Цицерон знал, что Серджиус Гоган учит детей музыке и работает в Пенсильванском квакерском пансионе – той самой школе, куда родители, уезжая в Никарагуа, отправили его самого и где он остался после их гибели. Кажется, Цицерон слышал от кого-то, что Серджиус играет на гитаре – как когда-то и Томми Гоган. А вот известие о том, что Серджиус и сам, похоже, сочиняет песни в жанре фолк, показалось Цицерону малоутешительным.
– Пытаюсь.
– Значит, концептуальные альбомы – это наследственное, да?
– Пожалуй.
– Ну, насколько я знаю, твой отец не имел никакого отношения к Гарденз.
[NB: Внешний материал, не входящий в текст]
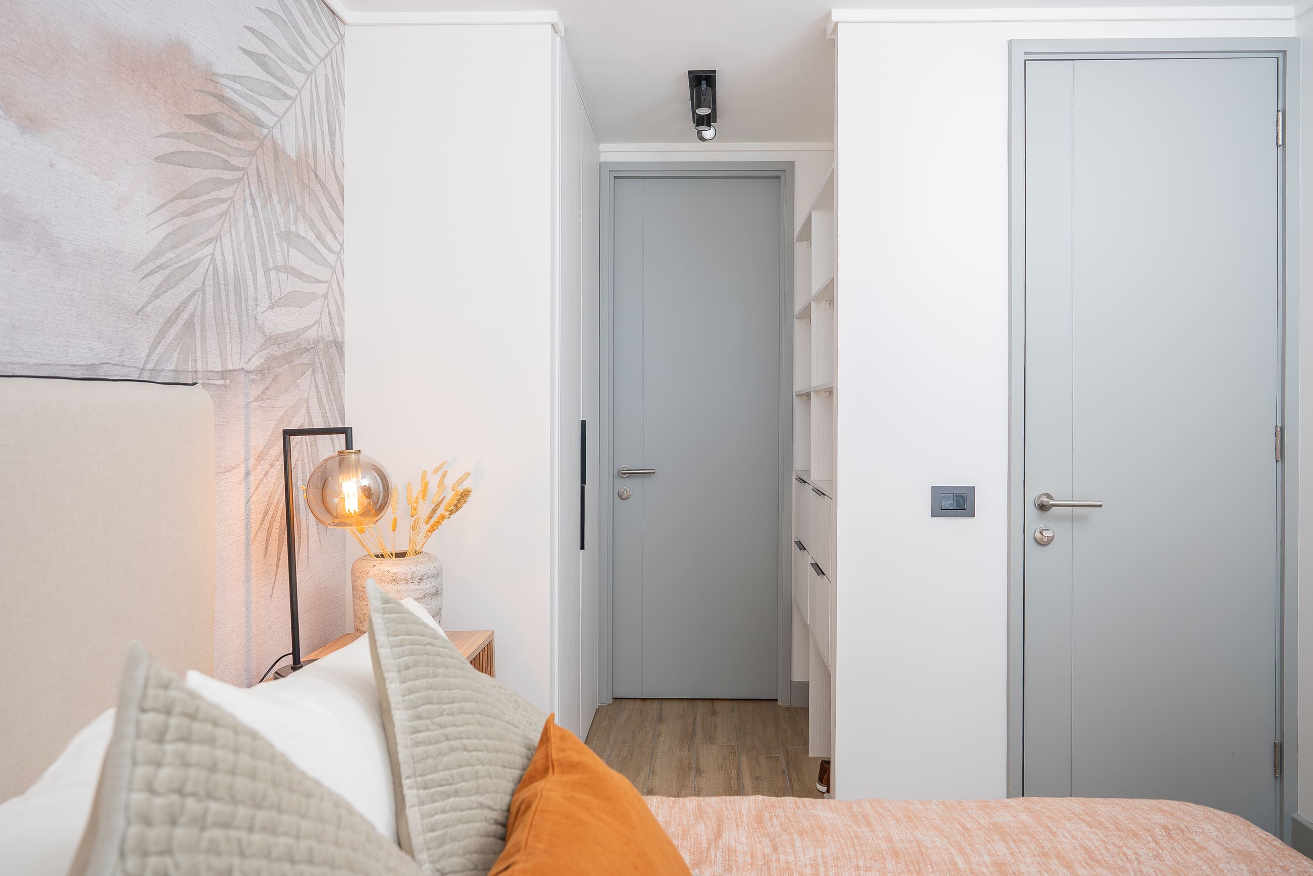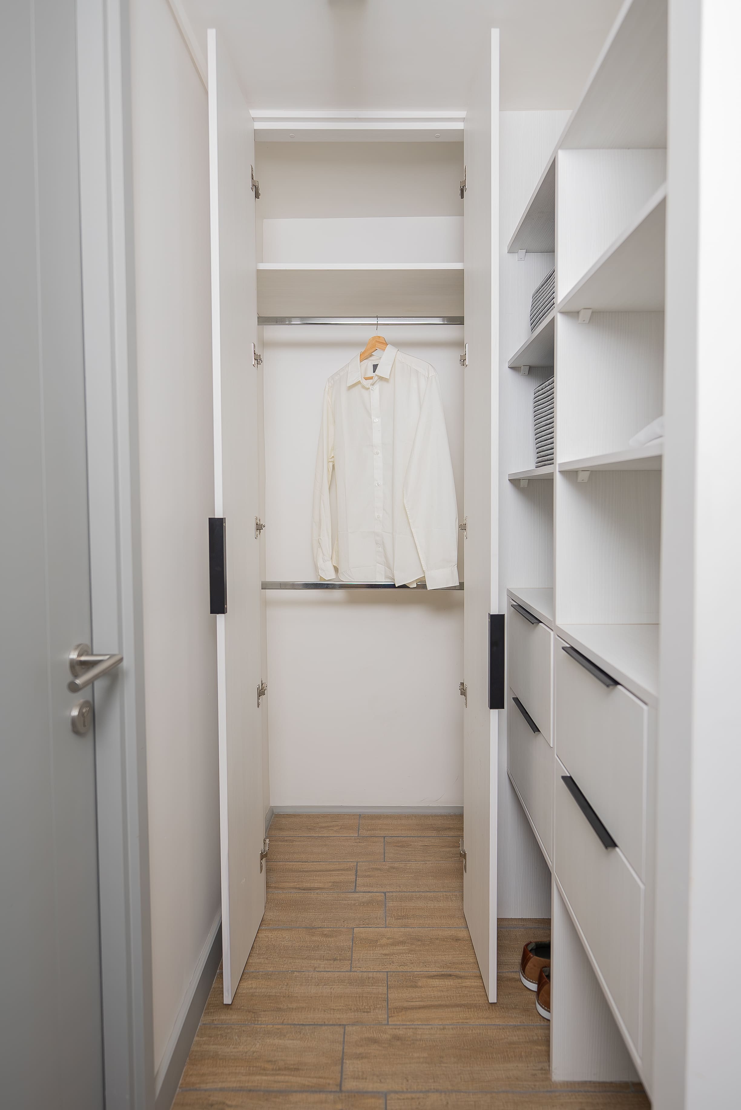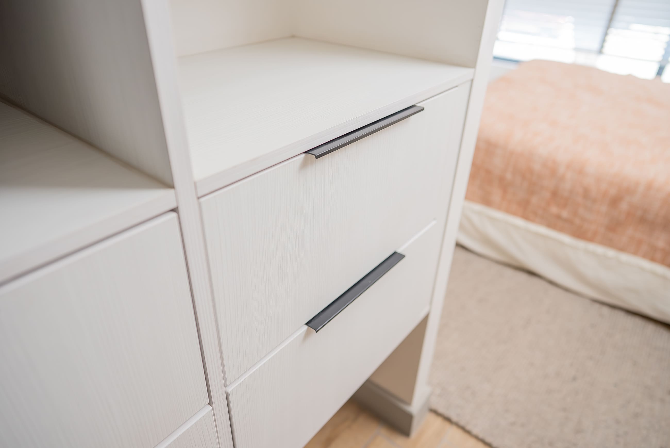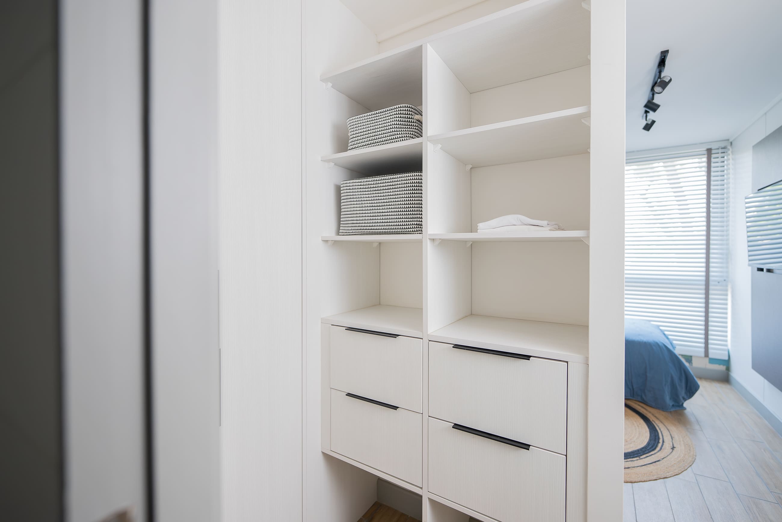 Su acabado suave y sereno genera un espacio acogedor, estableciendo una conexión armónica con los colores del entorno. En los clósets, la elección fue Melamina Laricina, cuya textura y tonalidad refuerzan una estética orgánica, brindando una sensación de calidez y equilibrio en cada detalle. Su diseño en tonos neutros y acabado texturizado complementa el mobiliario, optimizando el espacio y logrando ambientes más funcionales y acogedores.
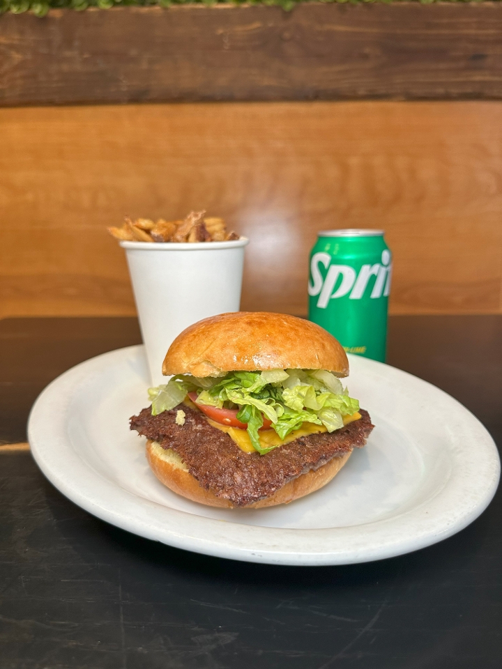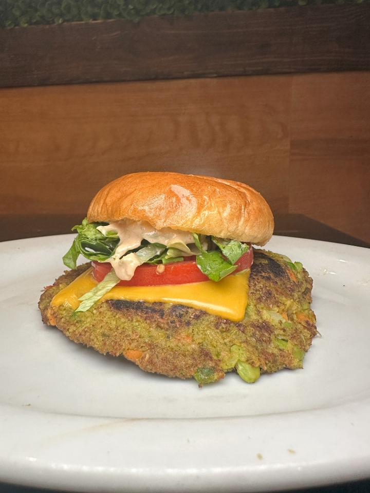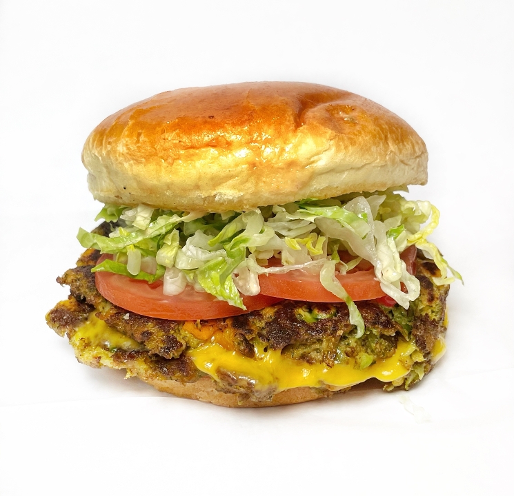 Double Smashed All Natural Garden Vegetable Patties, Sharp American Cheddar Cheese, Handcraft Sauce, Shredded Romaine Lettuce, Tomato, Brioche Bun

И вообще, твой отец меня совершенно не интересовал.
Так Цицерон исподволь дал почувствовать различие между осведомленностью и интересом. Пора было переходить к оскорблениям.
– Почему же?
– Томми был искренне привязан к тебе и к твоей матери, а также к идее ядерного разоружения и к Сальвадору Альенде. В остальном он казался мне человеком бесчувственным. Музыку его я не понимал – во всяком случае, то, что слышал.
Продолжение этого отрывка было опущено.